To think is to learn.
To create is to think.
A simple version of the material that follows.
Anyone advocating applications of technology should be able justify his or her suggestions. This section is our effort to make what case we can for spending valuable time involved in online participatory experiences. It is fair to say that in our writing about the educational benefits of technology it has always been much easier to offer theoretical than empirical justifications. We take some solace in the position that this is a very common situation in education. Applied fields that allow the parties involved a great deal of personal freedom in how proposed innovations are implemented and utilized are likely prone to messy and inconsistent data. Teachers and students are neither chemicals interacting in a beaker nor rats responding in a cage.
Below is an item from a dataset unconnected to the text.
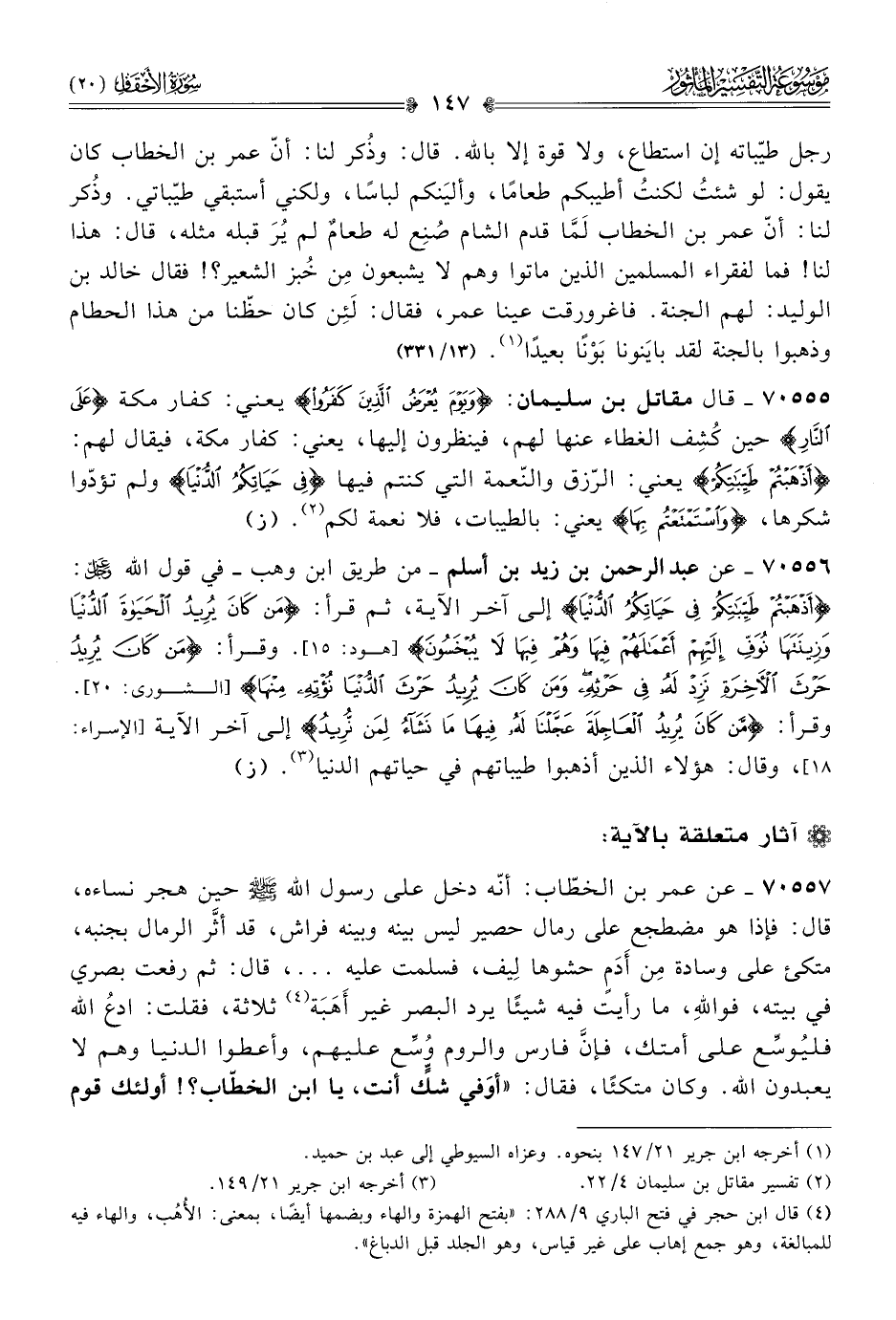 ٧٠٥٥٦ - عن عبد الرحمن بن زيد بن أسلم -من طريق ابن وهب- في قول الله - عز وجل -: {أذْهَبْتُمْ طَيِّباتِكُمْ فِي حَياتِكُمُ الدُّنْيا} إلى آخر الآية، ثم قرأ: {مَن كانَ يُرِيدُ الحَياةَ الدُّنْيا وزِينَتَها نُوَفِّ إلَيْهِمْ أعْمالَهُمْ فِيها وهُمْ فِيها لا يُبْخَسُونَ} [هود: ١٥]. وقرأ: {مَن كانَ يُرِيدُ حَرْثَ الآخِرَةِ نَزِدْ لَهُ فِي حَرْثِهِ ومَن كانَ يُرِيدُ حَرْثَ الدُّنْيا نُؤْتِهِ مِنها} [الشورى: ٢٠]. وقرأ: {مَن كانَ يُرِيدُ العاجِلَةَ عَجَّلْنا لَهُ فِيها ما نَشاءُ لِمَن نُرِيدُ} إلى آخر الآية [الإسراء: ١٨]، وقال: هؤلاء الذين أذهبوا طيباتهم في حياتهم الدنيا (¬٣). (ز)

Here is our working framework.
Learning What Schools Have Traditionally Taught
We would prefer that we could summarize research exploring the content-area benefits of participatory web tools and methods. Unfortunately, such research is very scarce. What we can do is explore more long-standing research topics with similarities to the methods encouraged by participatory web tools and tasks.
The theoretical perspective most commonly mentioned as a rationale for the collection of activities we describe here is ''generative learning'' (Wittrock, 1974, 1990). Closely related perspectives include ''constructivism'' (e.g., Paris & Byrnes, 1989) or ''meaningful learning'' (Ausubel, 1963). These theories propose that learner activities (teaching, writing, self-questioning) require or at least strongly encourage cognitive activities resulting in understanding and learning and also improve learner awareness of areas of misunderstanding or incomplete knowledge. While learners may generate such productive cognitive and metacognitive activities on their own, the external tasks offer instructors an opportunity to shape desirable student behaviors.
One distinction that emerges in several of the generative approaches contrasts ''knowledge-building'' and ''knowledge telling'' (e.g., Roscoe and Chi, 2007). Knowledge telling is regarded as the weak form involving a restatement of what is known with limited activation of other existing knowledge (e.g., attempts to generate examples from personal experience) and less extensive monitoring of understanding. In knowledge-building, the strong form, the learner adds to core ideas from existing personal knowledge and in doing to reflects on the core ideas in greater depth resulting in more effective comprehension monitoring. Often, instructors intervene to encourage knowledge-building by offering templates that serve to shape the generative task. For example, instructors may specify a recommended practice student tutors might employ (e.g., Offer a personal example of .......) as a way to encourage knowledge-building reflection among peer tutors.
Learning Skills Demanded in a Changing World
Changing Preferences for How We Learn
Changing skill and knowledge requirements - ISTE standards
Taking Advantage of the Knowledge Present in Groups
----
REFERENCES
Ausubel, D. (1963). The psychology of meaningful learning. New York: Grune & Stratton.
Paris, S.G. & Byrnes, J.P. (1989). The constructivist approach to self-regulation and learning in the classroom. In B.J. Zimmerman and D.H. Schunk (eds) Self-regulated learning and academic achievement. (pp 169-200). New York: Springer Verlag.
Roscoe, R. D. & Chi, M.T. (2007). Understanding tutor learning: Knowledge-building and knowledge-telling in peer tutors' explanations and questions. Review of Educational Research, 77, 534-574.
Wittrock, M.C. (1974). Learning as a generative process. Educational Psychologist, 11, 87-95.
Wittrock, M.C. (1990). Generative processes of comprehension. Educational Psychologist, 24, 345-376.